## [Task statement]
Starting with the first line below, extract each line through the one that contains "9'6 x 8'6. A", inclusive, excluding pictures.

## [Information shown]
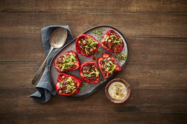Grillede fyldte peberfrugter med kikærter, quinoa og sesamdressing
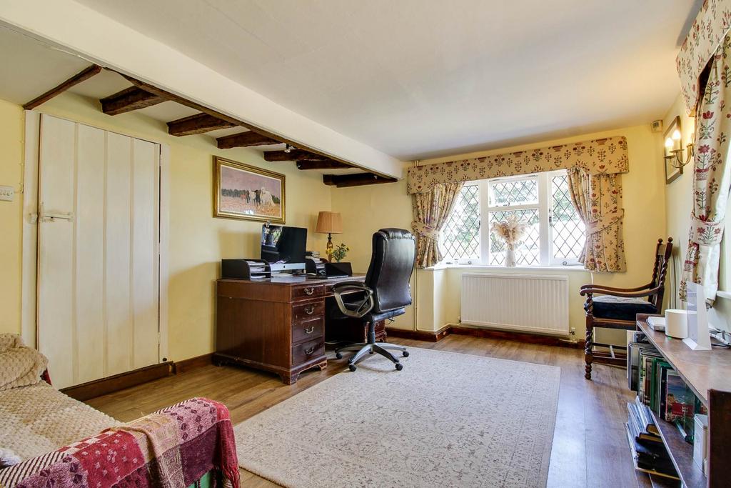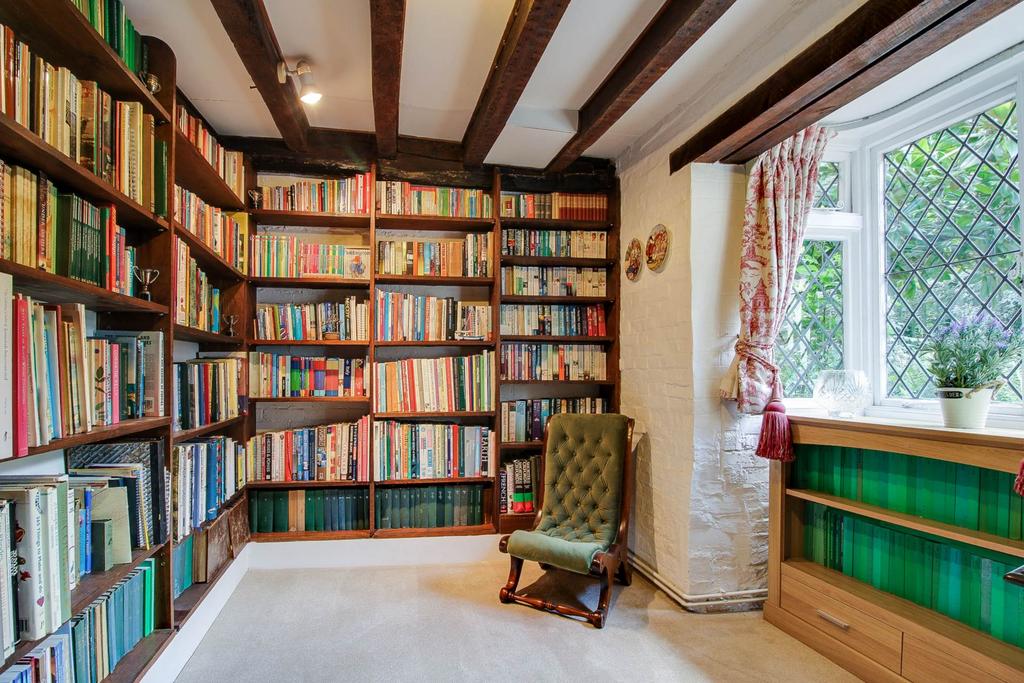 9'6 x 8'6. A secluded and peaceful retreat at the heart of the home, perfect for reading or quiet reflection. South-facing bay window draws in natural light, complemented by fitted bookshelves and characterful oak beams.
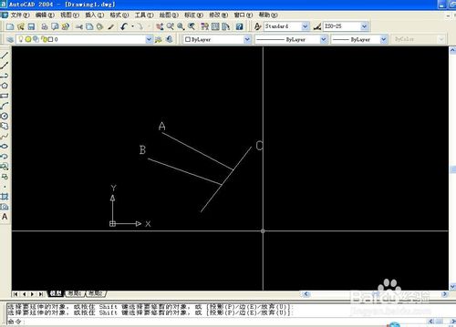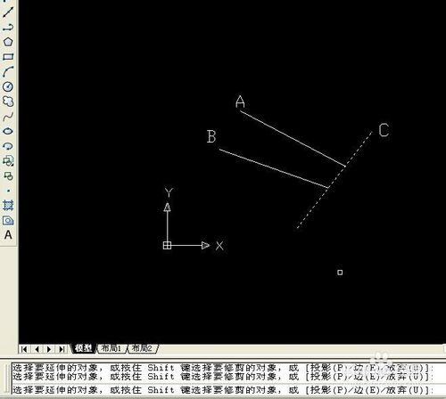 6、鼠標左鍵分別點擊線段A、B,線段A、B分別延伸至線段C上,如下圖:
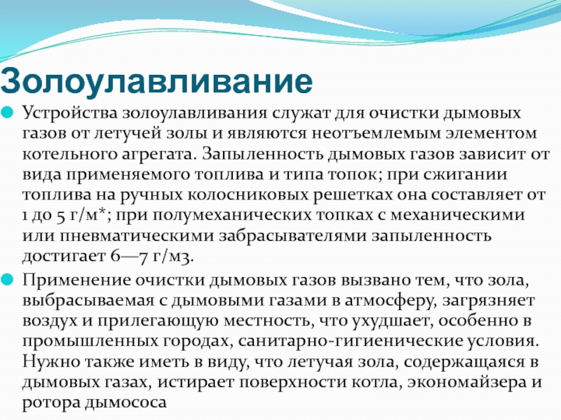 Золоулавливание Устройства золоулавливания служат для очистки дымовых газов от летучей золы и являются неотъемлемым элементом котельного агрегата.

## [Answer below]
Grillede fyldte peberfrugter med kikærter, quinoa og sesamdressing
 9'6 x 8'6. A secluded and peaceful retreat at the heart of the home, perfect for reading or quiet reflection. South-facing bay window draws in natural light, complemented by fitted bookshelves and characterful oak beams.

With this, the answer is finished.